4. ЧЕТВЕРТАЯ ФРАКИЙСКАЯ ЭЛЕГИЯ

Гебеджинские развалины[285]

Пойду лить слезы и оглашу громкими воплями горы и стези пустыни, некогда столь прекрасные; ибо всё сгорело на них, ибо там нет уж ни единого проходящего, не слышно более гласа того, который обладал ими; ибо от птиц небесных и даже до зверей земных, всё их покинуло и удалилось.

Иеремия, IX, 10

Не мира ль древнего обломки предо мной?
Не допотопные ль здесь призраки мелькают?[286]
Не руки ль грозные таинственной косой
              Во мгле ничтожества сверкают?
              Повсюду смерть! повсюду прах!
Столбов, поникнувших седыми головами,
Столбов, у Тленности угрюмой на часах
Стоящих пасмурно над падшими столбами,—
Повсюду сумрачный дедал в моих очах![287]
              Над жатвой, градом пораженной,
              Или над рощей, низложенной
              Обрывом исполинских гор,
              Или над битвенной равниной,
Покрытой мертвою и раненой дружиной,
              Чей сумрачный скитался взор?
              Пускай же те лишь алчут взгляды
              Обнять дремучие громады сих чудных,
Вечностью сосчитанных столбов:
Вот жатва, смятая Сатурновой пятою,
Вот сучья временем низложенных дубров,
Вот рать, побитая Ничтожества рукою
И в прахе спящая под саваном веков!
              Здесь нет земного завещанья,
              Ни письмен, ни искусства нет;
              Но не древне́е ли преданья
              Миров отживших дивный след?..[288]

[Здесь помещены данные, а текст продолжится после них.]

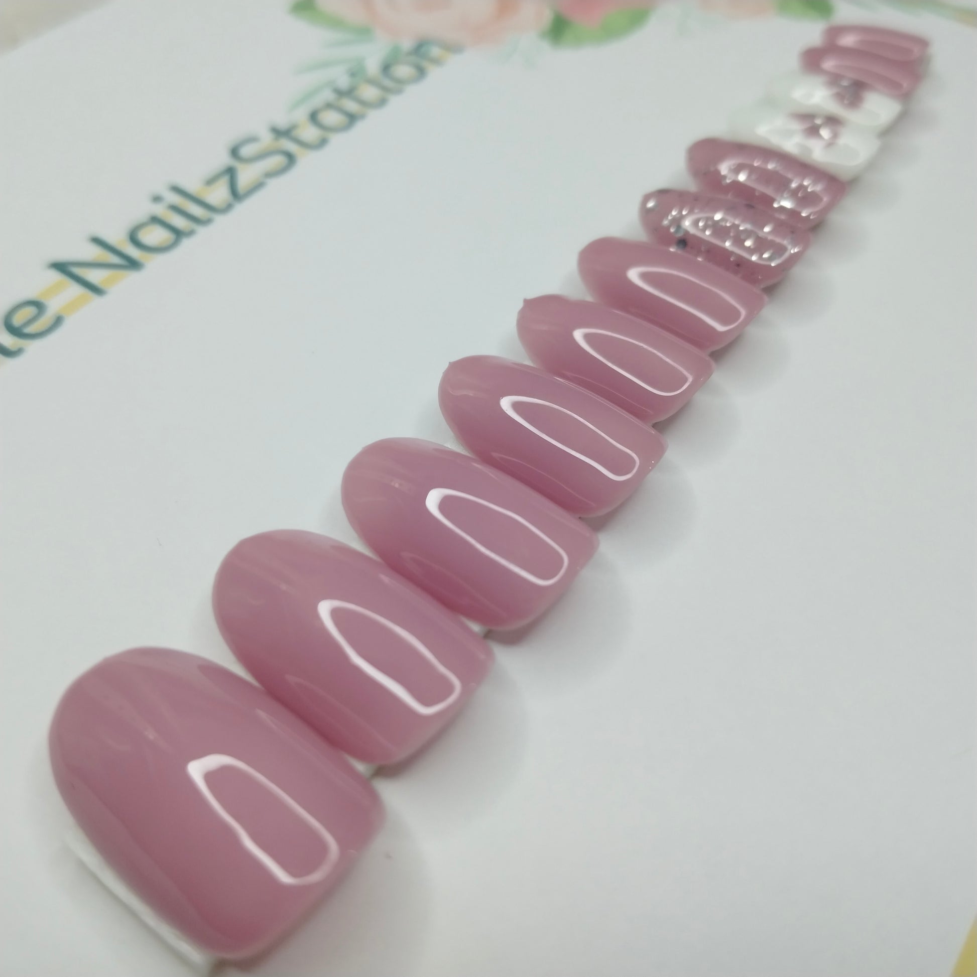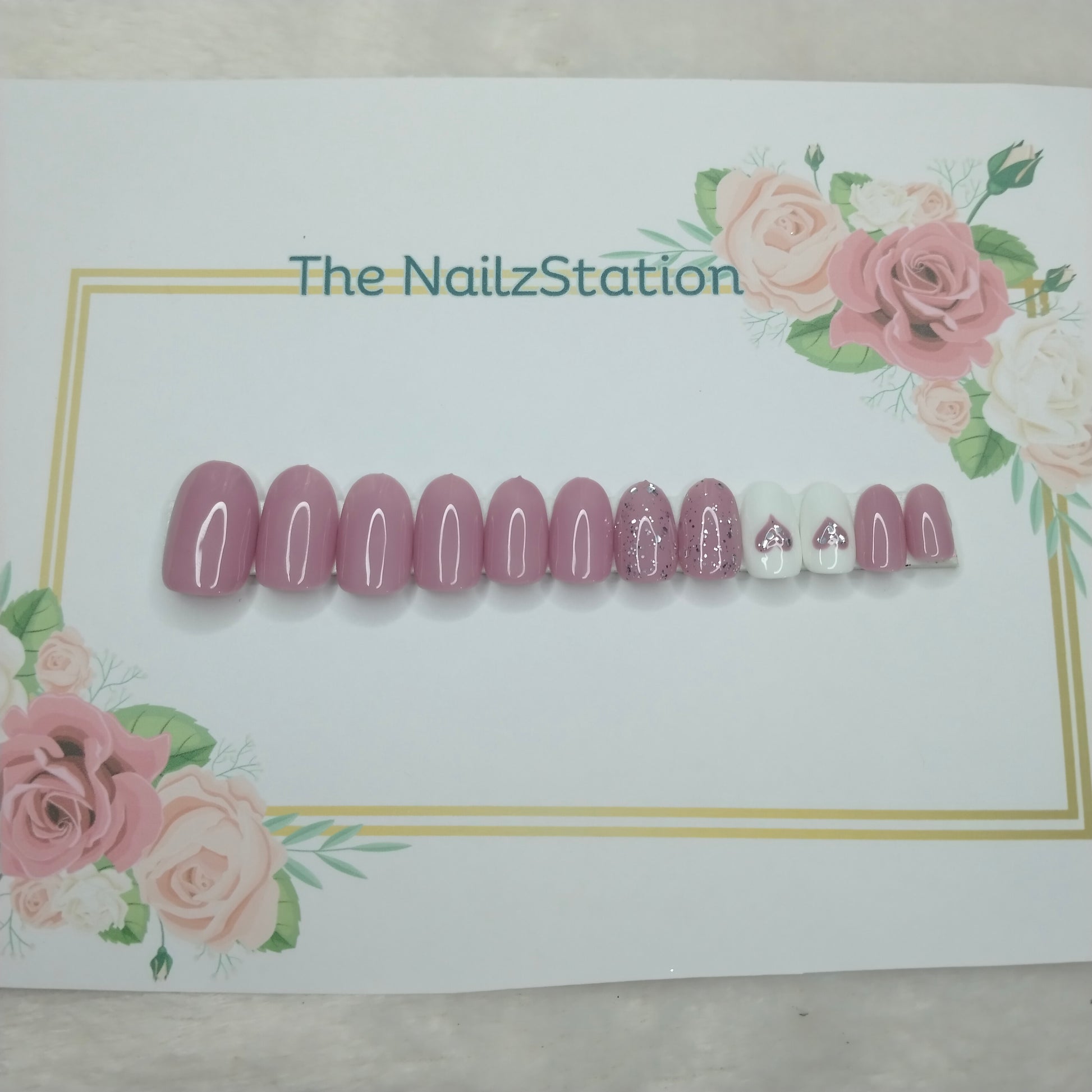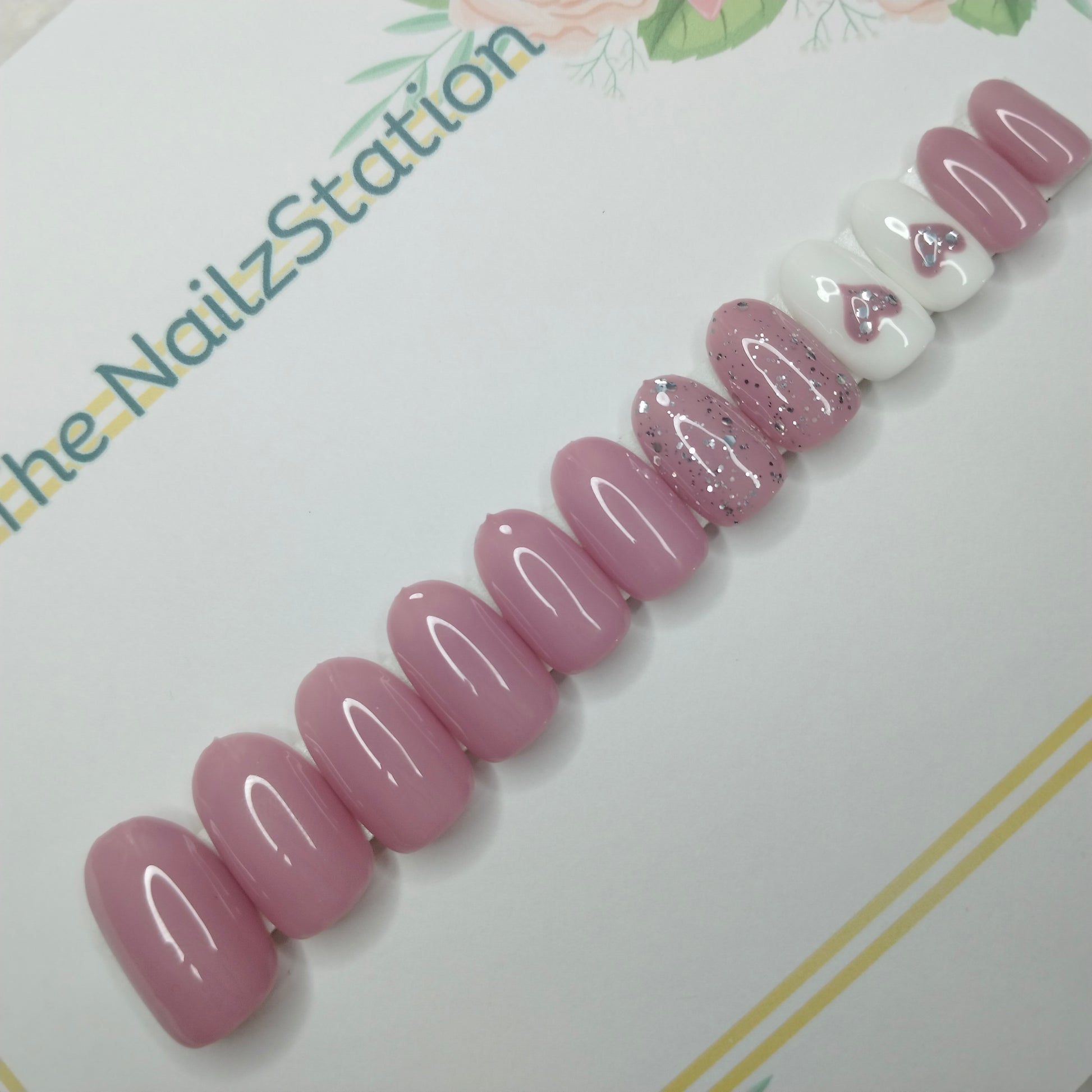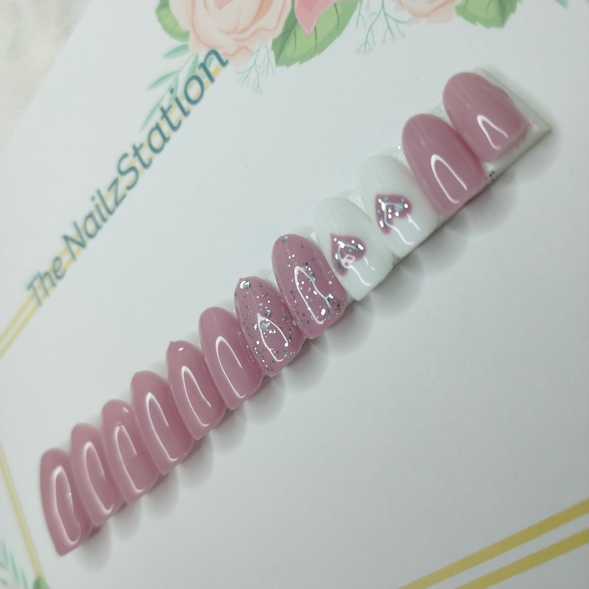 The NailzStation Glossy Light Pink Hearts Press on Fake Artificial Nails Set with glue, filer, sticker application kit // 1524
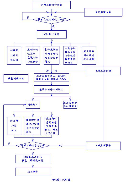l射水顺序与周期。两眼辐射井同时射水,第一次射水按间跳射水孔进行,即先按单号射水孔射水,待两眼井的单号射水孔全部达到设计深度后再施工双号射水孔。射水周期要与回倾速率密切结合,烟囱的最初回倾速率控制在 30mm /d,在射水及回倾进入规律阶段后,回倾速率控制在 50mm /d。当烟囱的回倾数值与纠倾达标数值相差接近 100mm 时,放慢射水频率与强度。当回倾数值与达标数值相差 100mm 时,暂停射水观察一周,再根据回倾稳定状况,调整射水强度,直至达到规范标准值。
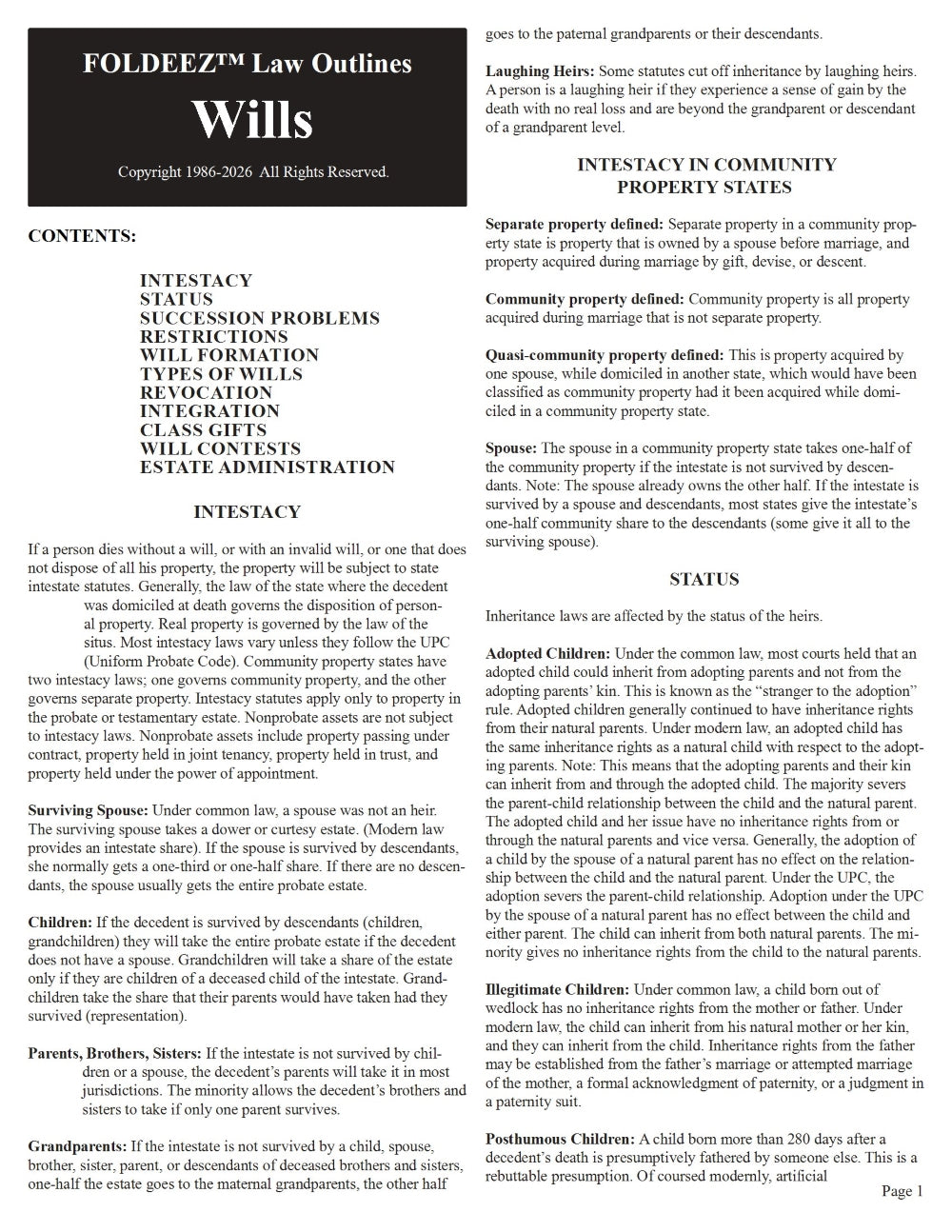 Each individual Foldeez™ is made of heavy paper stock and three holed punched (so they can fit right in your class note book) and contain all the information you need to know to get an A on your exams. Most of the products contain at least 12 pages of information. Foldeez™ are great for learning the law in a short period of time for law school exam writing. They contain concise, easy to understand explanations of the law. They retail from $1.95 to $8.95. Foldeez™ contain all the law a student should have memorized and be able to recall from memory the night before any exam. They are also fantastic for bar exam review too!
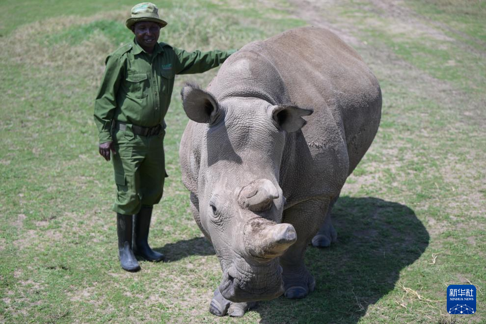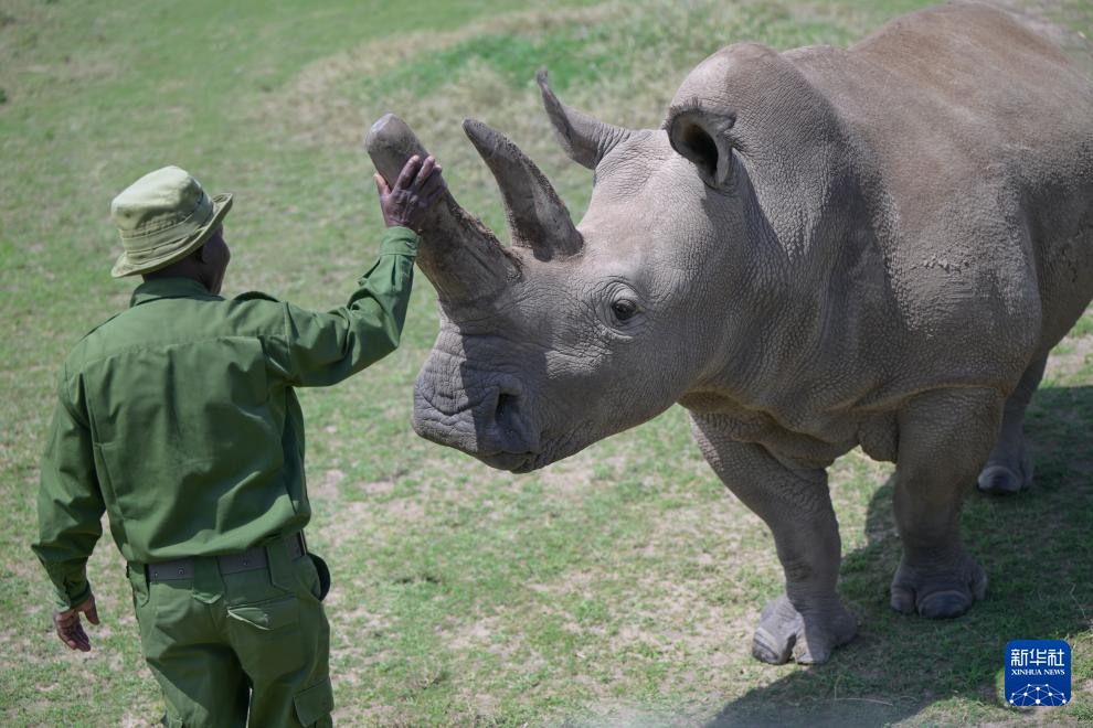 10月7日,在肯尼亚中部莱基皮亚郡奥尔佩杰塔自然保护区,工作人员与雌性北方白犀牛“法图”互动。
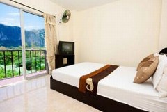 The rooms at the front suffer from a little traffic noise, but those at the back do not. The top (3rd) floor room at the back has a sensational panoramic view of the karst ramparts that separate Ao Nang from Railay and, for those who can be bothered to climb the stairs, is an excellent choice. The sunset view is one of the best in Ao Nang, with the minarets of Ao Nang's newest mosque gracefully piercing a blazing sky - it's really something.
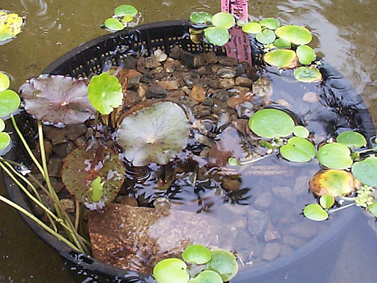 Our Water Lilly bulb began to produce leaves (red/green leaves) almost as soon as it was potted. Although still quite small we're hoping these will eventually cover a large area of the pond's surface.
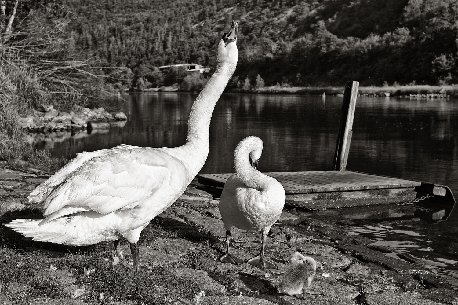 Tak to je nádhera :D - celá rodinka v zajímavé pozici, z blízka, kus mola a ostře avšak s nerušícím pozadím (vlevo převládá bílá a vpravo obraz vyvažují převládající tmavé stíny (n) (n) (n)
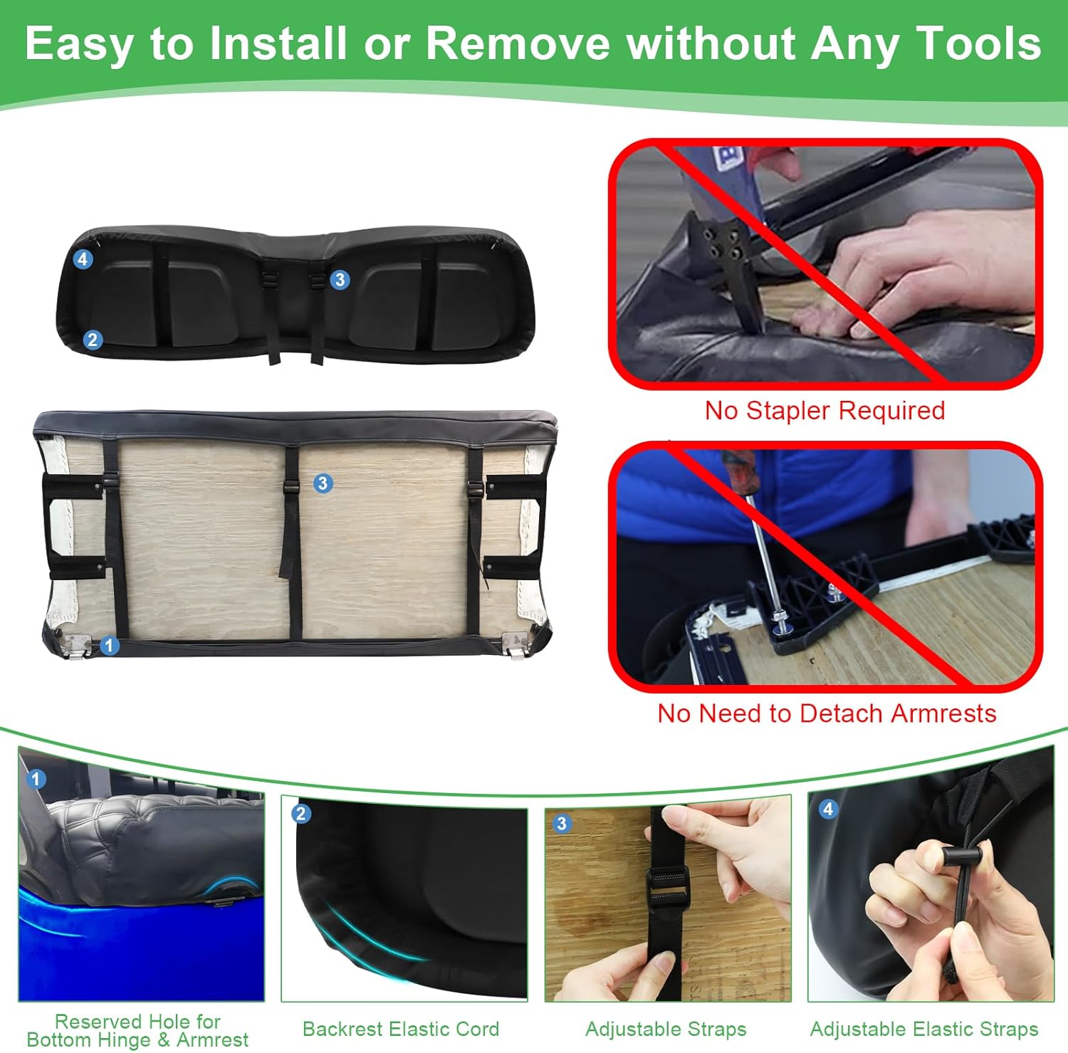 - Simplified Setup: This club car ds 2000.5-current front seat cover is designed for hassle-free installation, requiring no tools or the removal of armrests. The inclusion of straps ensures a smooth installation process, eliminating the need for nails or the removal of the existing vinyl seat cover. Simply drape the cover over your old seat, and with the adjustable shoulder straps and retractable buckles, you can install or remove the seat cover in a matter of minutes
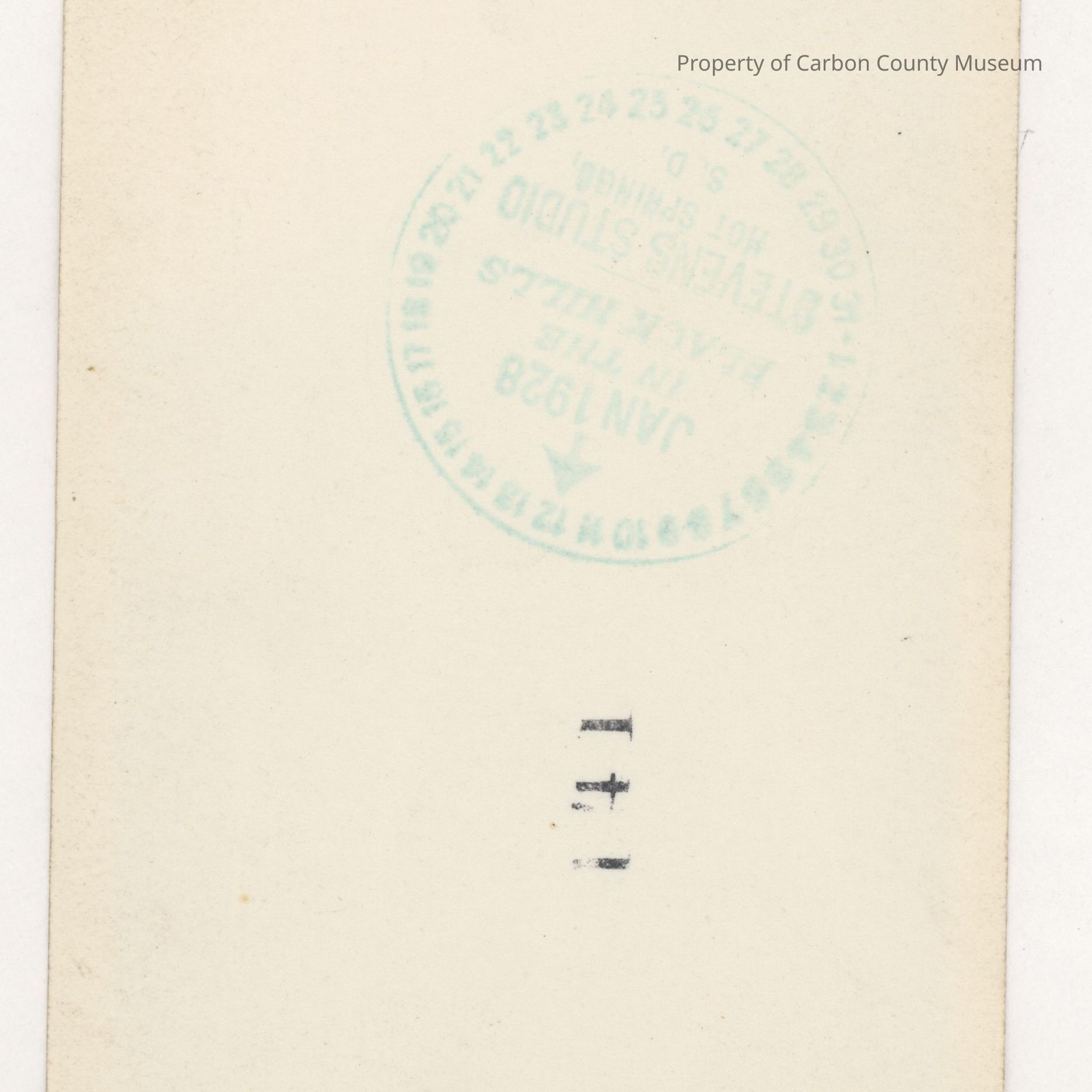 Stamped on back in green ink: "[circle with numbers around edge] [arrow pointing to "12"] Jan 1928 In the Black Hills Stevens Studio Hot Springs, S.D.".
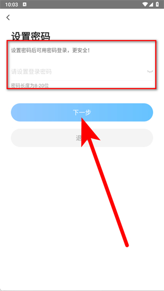 4、进入登录后,设置登录密码,点击下一步,完成注册。
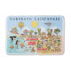 Bright and colourful scene offers a spectacular view of Southern California - wacky characters frolic on the beach and desert of SoCal showcasing Los Angeles, San Diego, Orange County, Santa Barbara, Riverside, Palm Springs, Anza Borrego and Joshua Tree parks as well as the border cities of Tijuana, Tecate and Mexicali. This charming scene has it all – a surfer hangs ten while a killer whale leaps out of the water, zoo animals greet the tourists, a muscular dude flexes his pecs as a T-Rex roars a challenge and a tank moves into position and much more…

              Дружины мертвецов гранитных!
              Не вы ли стражи тех столбов,
              На коих чудеса веков,
              Искусств и знаний первобытных
Рукою Сифовых начертаны сынов?..[289]
              Как знать, и здесь былой порою,
              Творенья, может быть, весною,
Род человеческий без умолку жужжал —
              В те времена, как наших башен
              Главою отрок достигал[290],
              И мамонта, могуч и страшен,
На битву равную охотник вызывал!
Быть может, некогда и в этом запустенье
Гигантской роскоши лилось обвороженье[291]:
Вздымались портики близь кедровых палат,
Кругом висячие сады благоухали,
Теснились медные чудовища у врат,
И мрамор золотом расписанных аркад
Слоны гранитные хребтами подпирали!
              И здесь огромных башен лес,
              До вековых переворотов,
              Пронзал, быть может, свод небес,
И пена горных струй, средь пальмовых древес,
Из пасти бронзовых сверкала бегемотов!
              И здесь на жертвенную кровь,
Быть может, мирными венчанные цветами,
              Колоссы яшмовых богов
Глядели весело алмазными очами…
Так, так! подлунного величия звездой
И сей Ничтожества был озарен объедок, —
              Пари́л умов надменных рой,
              Цвела любовь… и напоследок —
              Повсюду смерть, повсюду прах
              В печальных странника очах!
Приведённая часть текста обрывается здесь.